Свежий воздух, яркий свет. Кабинет начальника. Плёнка кино перескочила на следующий кадр, и трудно поверить, что полминуты назад было по-другому.
— Здравствуйте, гражданин Павлов. Я — старший следователь по особо важным делам Генеральной прокуратуры Российской Федерации, государственный советник юстиции третьего класса генерал Суков. — За столом сидело крупное добродушное воплощение законности в синем мундире с генеральскими погонами. Генерал не скрывал своего счастья. — «Садитесь. Мои полномочия удостоверяются соответствующими документами и имеющимися у меня бумагами. Для того чтобы у Вас, Алексей Николаевич, не было сомнений в за-конности проводимых действий, здесь присутствует адвокат местной юридической консультации товарищ Иваненко». Одетый в старинный сюртук с обсыпанными перхотью плечами, товарищ Иваненко смотрел широко распахнутыми глазами, в которых был страх, и ничего более; бедняга даже забыл закрыть рот. Начальник ИВС поднялся: «Наверно, я могу вас оставить, товарищ генерал?»
— Да. Я думаю, у гражданина Павлова нет сомнений в достоверности моих полномочий.
— Дверь оставить открытой?
— Нет, можете закрыть. Я полагаю, глупостей не будет. Да, Алексей Николаевич?
Это он, кажется, ко мне. Контраст воздуха и света отозвался звонкой головной болью. Медленно и тяжело подступал сердечный приступ.
— Состояние вполне понятное, — послышался удовлетворённый голос генерала, вслед за тем, как мне удалось схватить рукой и притянуть назад попытавшееся ускользнуть в сторону сознание. — Если хотите, можете курить. Угощайтесь: московские. «Золотая ява».
— Спасибо, я — «Мальборо».
— Ну, конечно, — закивал генерал, — понимаю. Вы же очень богатый человек.
— Я бы не сказал.
— Вы и самолёт себе можете купить. Ещё не купили? У Вас есть самолёт? Да, Алексей Николаевич, честно скажу: трудно пришлось с Вами, без ФСБ и контрразведки могли бы не справиться. У нас собрано достаточно улик и доказательств, позволяющих предъявить Вам обвинение в совершении тяжкого преступления, предусмотренного статьёй 160, часть 3 Уголовного кодекса РСФСР, — хищение государственного имущества в крупном размере по предварительному сговору группой лиц. Данное преступление карается лишением свободы на срок от пяти до десяти лет. Я предъявляю Вам обвинение, и, по закону, обязан допросить Вас. Вот по-становление о привлечении в качестве обвиняемого, вот постановление об объявлении Вас во всероссийский розыск, о применении меры пресечения — взятии под стражу. Как видите все санкционировано заместителем Генерального прокурора, вот печати Генеральной прокуратуры — настоящие! Ознакомьтесь.

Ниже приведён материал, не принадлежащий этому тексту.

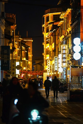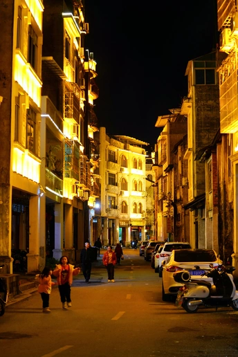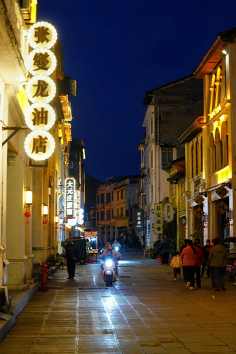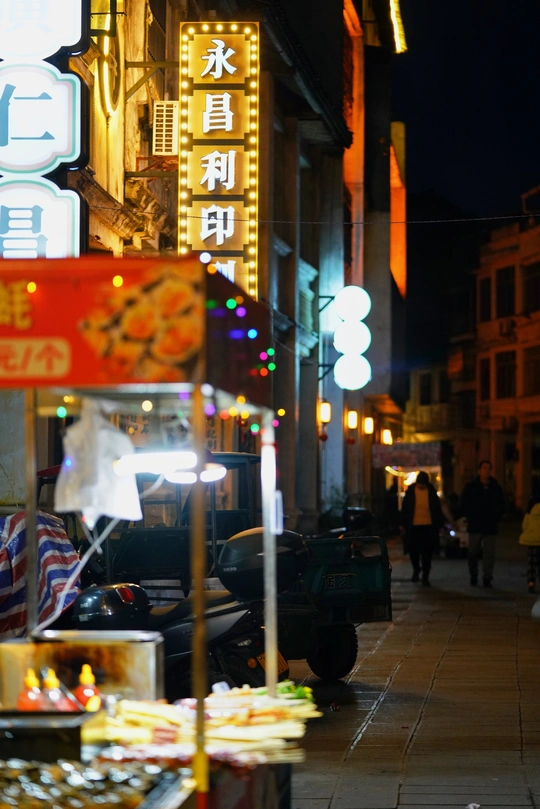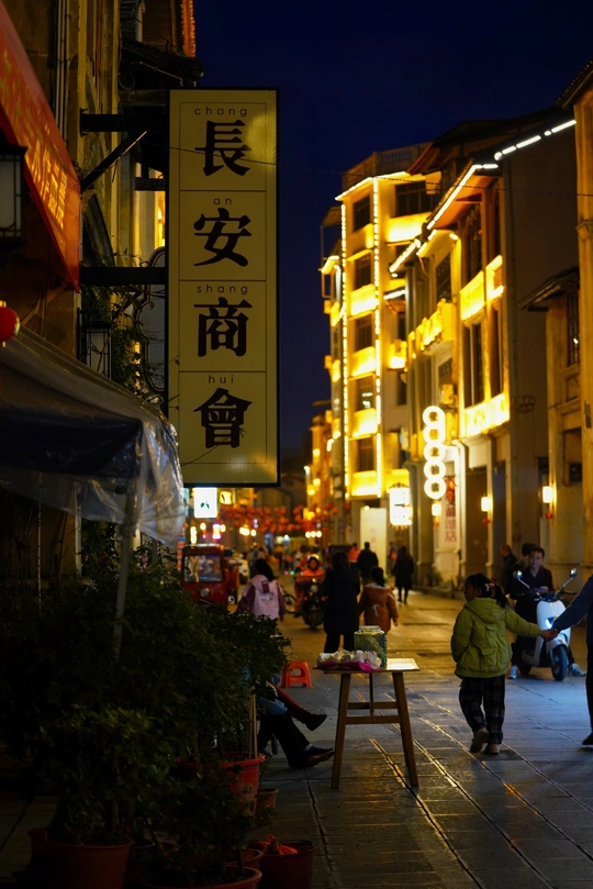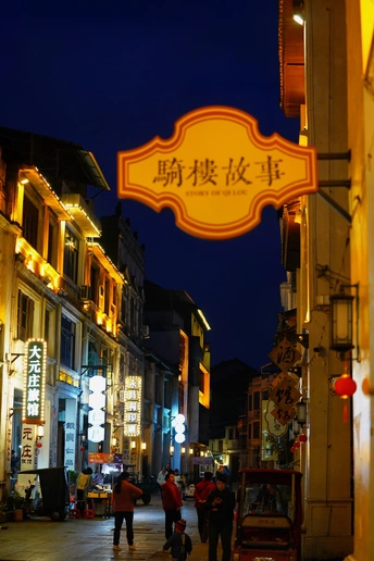 骑楼古镇,古韵悠长。 融安县长安镇设镇距今已有300多年历史,民国初期与广西的八步镇、怀远镇和容城镇齐名,有“四大名镇”之称。 得益于往来商贾的立足繁衍,长安镇形成了独特的街市——骑楼街。 整条街以砖木结构为主,又融合了欧式建筑艺术与岭南建筑文化,具有极高的艺术性与观赏性。 步入骑楼街,花窗、砖雕、牌坊、马头墙随处可见,还有罗马柱、山花、板花等欧洲古典风装饰物,中西合壁风貌独特。 白天街上人流拥挤,市场繁华;晚上灯火齐明,戏院(桂剧、粤剧)锣鼓叮咚作响,茶楼酒馆猜拳打码闹声阵阵……喝酒、品茶、听曲、谈生意者通宵达旦。长安古镇骑楼街夜景 ,相较于白天的长安古镇,夜晚的骑楼街就要来得更热闹些了。充满烟火气息的滤粉店、夜宵摊也让骑楼街多了些温暖的意味。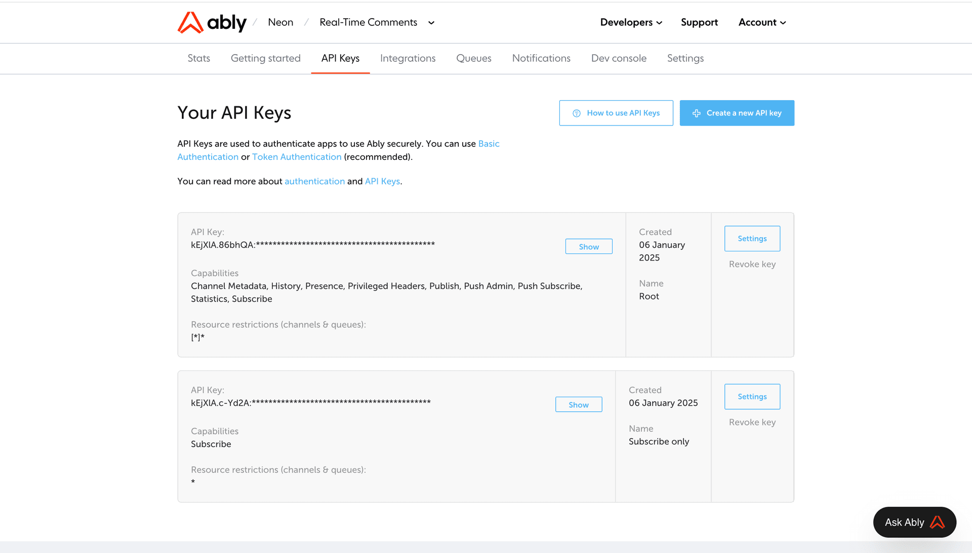 Use this API Key as an environment variable designated as NEXT_PUBLIC_ABLY_API_KEY in the .env file.

Читаю. Содержание отдалённо похоже на то, что было в факсе, и не похоже ни на что, хоть отдалённо напоминающее разум.
— Могу я получить копии подписанного мною факса и предъявленных мне сейчас постановлений?
— Конечно, Алексей Николаевич, только не копии — имеете право переписать, но сначала надо поставить подпись.
— Дело в том, что я не согласен.
— С чем? С обвинением или поставить подпись?
— Ни с чем. Я имею право отказаться?
— От дачи показаний — да, имеете право отказаться, но обвинительные документы надо подписать, Вы же ознакомлены. Вот, товарищ Иваненко может подтвердить, — Суков повернулся к нему. Иваненко, заглатывая воздух, стал повторять: «От дачи показаний имеете право отказаться, но документы следует подписать — Вас ознакомили».
— Хорошо, подпишу.
— И число поставьте: 14 марта 1998 года.
— А какое число сегодня?
— 20-е, но Вам же предъявили факс?
— Да.
— На нем стоит 14 марта. Документы одни и те же. Должно быть единообразие. Значит, и здесь нужно поставить 14-е.
— Хорошо, — сказал я и поставил число: 20 марта 1998 года. Генерал и бровью не повёл.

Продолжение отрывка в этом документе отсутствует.